2.                  Trifft es zu, dass zumindest einer der Ärzte in einem arbeitsrechtlichen Vergleich eine Entschädigung in Höhe von 65 000 € durchgesetzt hat?

 

Es trifft zu, dass – nachdem mangels MVZ-Genehmigung auch die im Vorfeld geschlossenen Verträge nicht vollzogen werden konnten – der als Leiter vorgesehene Arzt eine Klage beim Arbeitsgericht eingereicht hat. Dieses Verfahren führte letztlich auf Empfehlung der Anwälte zu einem Vergleich.

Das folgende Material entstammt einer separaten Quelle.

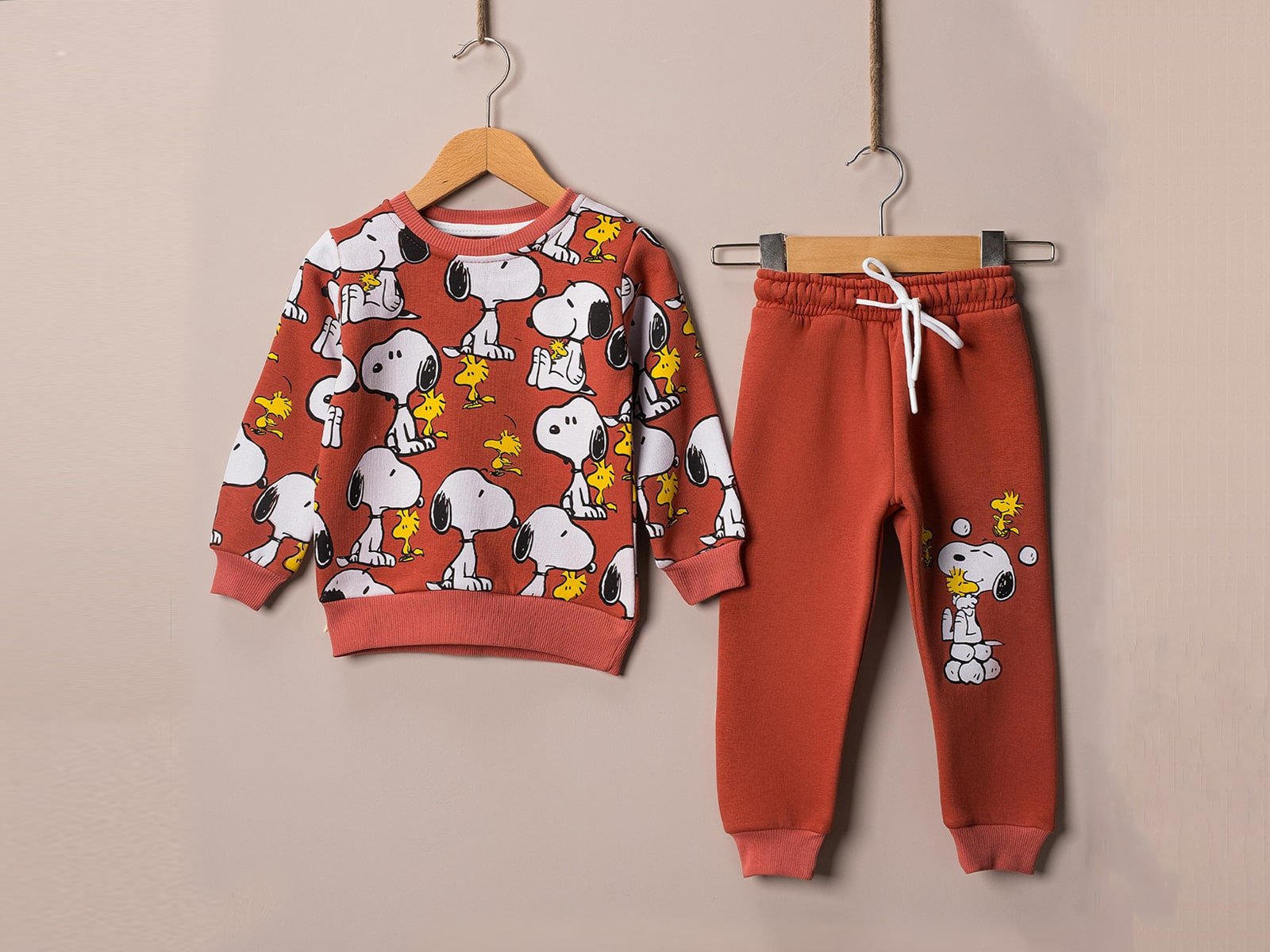 Παιδικό Σετ Χοντρές Φόρμες Φούτερ, Μπλούζα και Παντελόνι με Ήρωα Κινουμένων Σχεδίων – Κεραμιδί (ΣΝΟΥ-95716)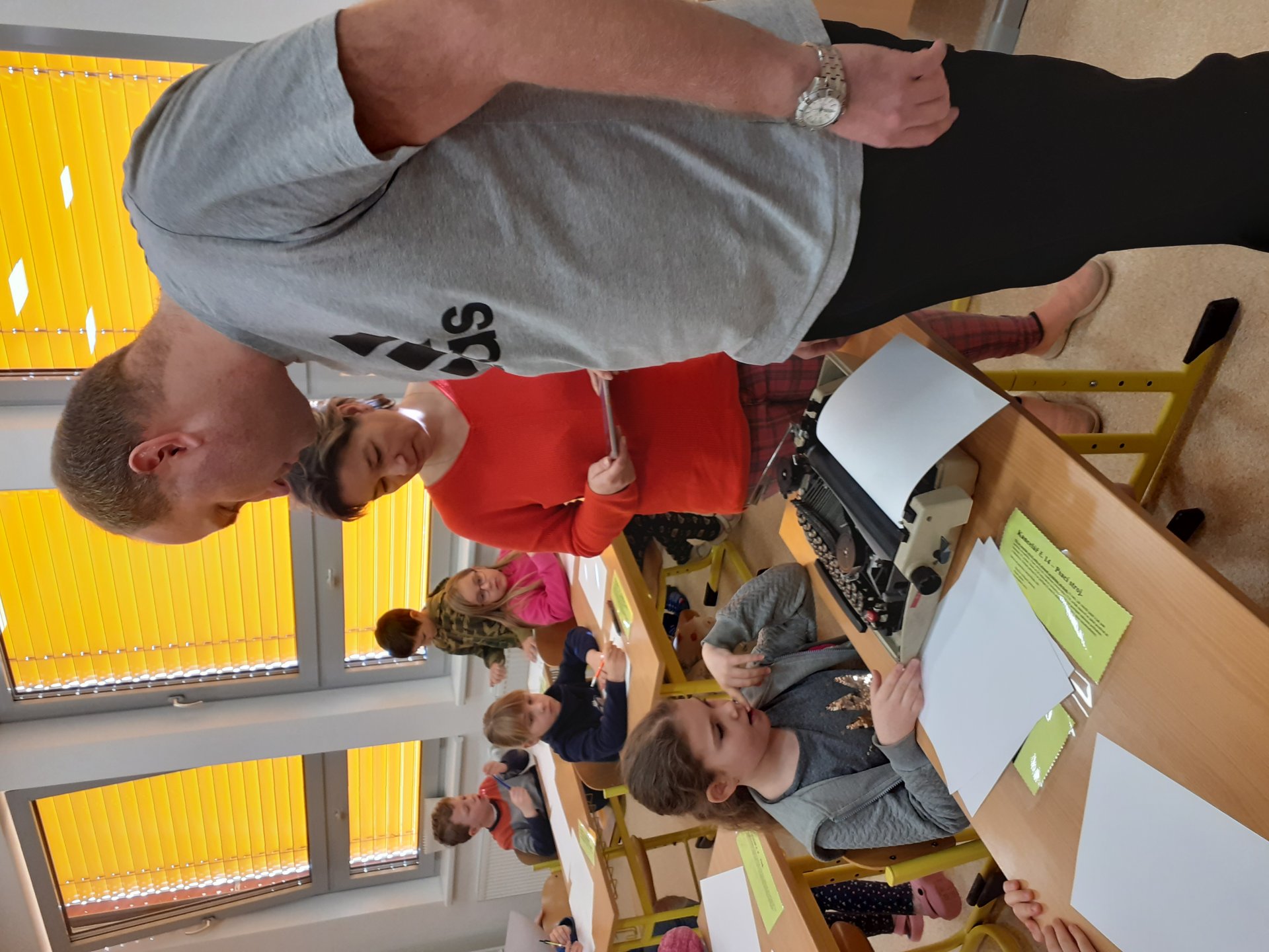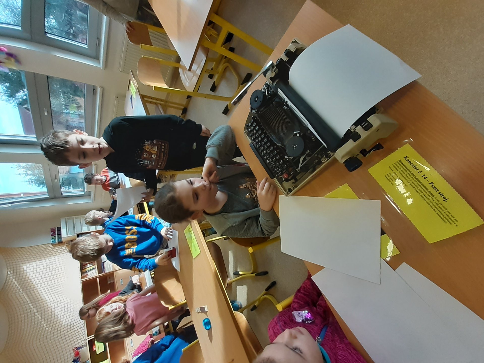 V út 10.3.2020 si pro nás připravil p.učitel Slouka "Písařskou dílnu". Děti se seznámily a také si vyzkoušely různé druhy psacích potřeb až po psací stroj. Představil jim a ukázal nejslavnější tužku Koh-inor. Děti si poté nakreslily vybranými potřebami obrázky domácích mazlíčků. Ušpinění byly až za ušima, ale zábava se jim moc líbila a obrázky se jim moc povedly.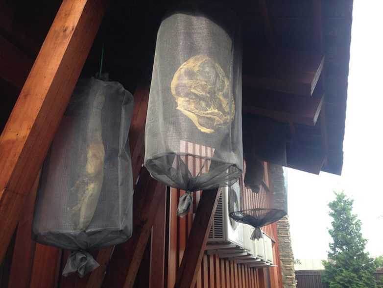 - Мясо нельзя прокалывать и надрезать в процессе вяления. Любое повреждение может привести в порче продукта;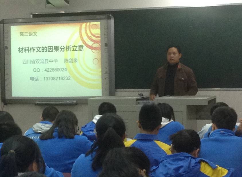 首先,陳劍泉老師獻(xiàn)上一節(jié)研討課《材料作文的因果分析立意》。本節(jié)課在概括思維和反概括思維(概括思維的逆向思維)的引導(dǎo)下,以舊帶新,通過回憶內(nèi)容概括、本質(zhì)概括的方法,然后結(jié)合具體材料引導(dǎo)學(xué)生在內(nèi)容概括的基礎(chǔ)上運(yùn)用因果分析法立意,最后學(xué)以致用,要求學(xué)生對2014年高考湖南卷作文材料進(jìn)行分析。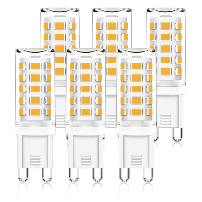 Installazione semplice e rapida - Presa G9 standard, ampiamente utilizzata in camere da letto, soggiorni, cucine, lampadari, soffitti, ecc. Questa lampadina LED G9 3000K non ronza, ronza, sfarfallio, sfarfallio durante il lavoro. 80+ CRI, ripristina il colore dell'oggetto in modo vivido e naturale, trasforma la tua casa in un luogo piacevole e piacevole. ideale per la decorazione d'interni. [Ampie applicazioni] Vite a vite Edison G9 standard, angolo del fascio di 360°. colore bianco caldo, alto CRI, luce perfetta per caffè, bar, club, ristoranti, mostre, camere da letto, sale da pranzo, corridoi, vetrine, centri commerciali, arte, musei. creano un ambiente bianco caldo, caldo e luminoso, simile a quello alogeno 【Buone prestazioni, maggiore durata】Protette da sovraccarico, cortocircuito e protezione da surriscaldamento, le lampade a mais da 3,5 W forniscono un'elevata luminosità e una durata di oltre 35.000 ore. Sostituisci meno spesso, riduci i costi di manutenzione.
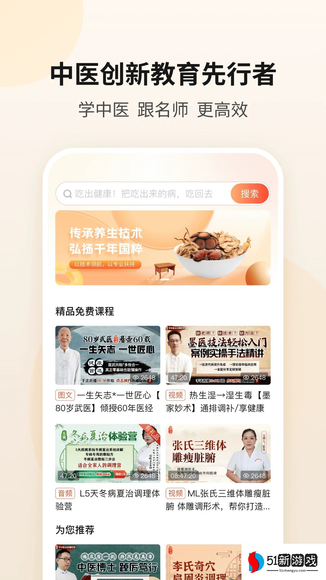 御珍堂是一款全新的健康养生医疗软件,可以为用户提供丰富的中医养生课程,还能全面推荐丰富的养生课程资源,随时随地自由学习各种养生知识,还保证各类中医养生课程的教学质量,让用户在这里放心购买和学习课程,能完全满足所有使用需求,还会及时各种中药养生知识储备,方便用户轻松掌握,自由享受优质的学习服务,还可以自由选择自己需要购买的产品,保证各种产品的质量,让用户放心购买各种优质的保健品。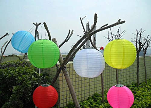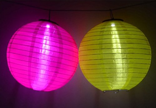 Jimeng 直径30CM 防水 ソーラー発電 提灯 ランタン イルミネーション 太陽光パネル搭載 和風 折り畳み式 イエロー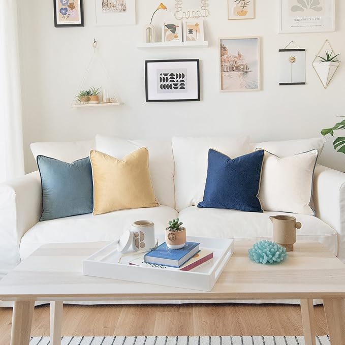 - SET OF 4: Includes 1 blue velvet pillow + 1 beige velvet pillow + 1 white velvet pillow + 1 teal velvet pillow

Dieser wurde von der Betriebskommission in einer Sondersitzung Ende 2007 beschlossen und dem Kreisausschuss Anfang 2008 zur Kenntnis gegeben.

 

3.                  Wer hat die Verträge mit den Ärzten abgeschlossen?

 

Die Verträge wurde zunächst von der damaligen Geschäftsführerin der Kreiskliniken GmbH geschlossen und wurden, als durch Kreistagsbeschluss die Zuständigkeit für das MVZ-Projekt auf den Eigenbetrieb Kreiskrankenhäuser übertragen wurde, auf diesen umgestellt.

 

4.                  Wer hat wen, wann und in welcher Form dazu beauftragt?

 

Die Gesellschafterversammlung der Kreiskliniken GmbH hat in ihrer Sitzung am 20. Mai 2007 den Grundsatzbeschluss zur MVZ-Gründung gefasst und die notwendigen Anpassungen des Gesellschaftsvertrags vorgenommen. In der Begründung der Beschlussvorlage hat die Geschäftsführung auf notwendige und teilweise auch schon abgeschlossene Vorverträge hingewiesen. Nach der Beratung im Kreisausschuss wurde der Kreistag über den Ausschuss Gleichstellung, Generationen und Soziales am 18. Juni 2007 über die beabsichtigte MVZ-Gründung sowie die erforderlichen Vorverträge informiert.

 

 

5.                  Welcher Personenkreis und welche Gremien hatten wann Kenntnis davon, dass besagte Verträge abgeschlossen werden sollen? In welcher Form?

 

Im weiteren Verlauf des „MVZ-Projektes“ hat sich der Landkreis Darmstadt-Dieburg dafür entschieden, die Zuständigkeit von der Kreiskliniken GmbH auf den Eigenbetrieb Kreiskrankenhäuser zu übertragen. In der diesbezüglichen Beschlussvorlage wurde ebenfalls auf die bereits unter Ziff. genannten Vorverträge hingewiesen. Die entsprechenden Beschlüsse erfolgten durch den Haupt- und Finanzausschuss am 25. Juni 2007 sowie den Kreistag am 2. Juli 2007.

 

6.                  Welcher Personenkreis und welche Gremien sind nach Abschluss der Verträge wann und durch wen informiert worden? In welcher Form?

 

Wer außerhalb der Kreisverwaltung wann und in welcher Form über den Abschluss der Verträge informiert wurde, entzieht sich unserer Kenntnis. Kreisverwaltung und Kreisgremien wurden ausschließlich im Zuge der Vorlagenerstellung und Beschlussfassung über die MVZ-Gründung informiert (vgl. Ziff. 4. und 5.)..

 

7.                  Was wurde auf Grund der Kenntnis über die Vertragsabschlüsse wann und von wem veranlasst?

 

In Kenntnis der Existenz von Vorverträgen (vgl. Ziff. 4. bis 6.) hat das Beteiligungsmanagement unmittelbar nach Scheitern des Eilantragsverfahrens zur Genehmigung des MVZ vor dem Sozialgericht in Marburg die zuständigen Mitarbeiter des Eigenbetriebs beauftragt, die Vorverträge zu beenden.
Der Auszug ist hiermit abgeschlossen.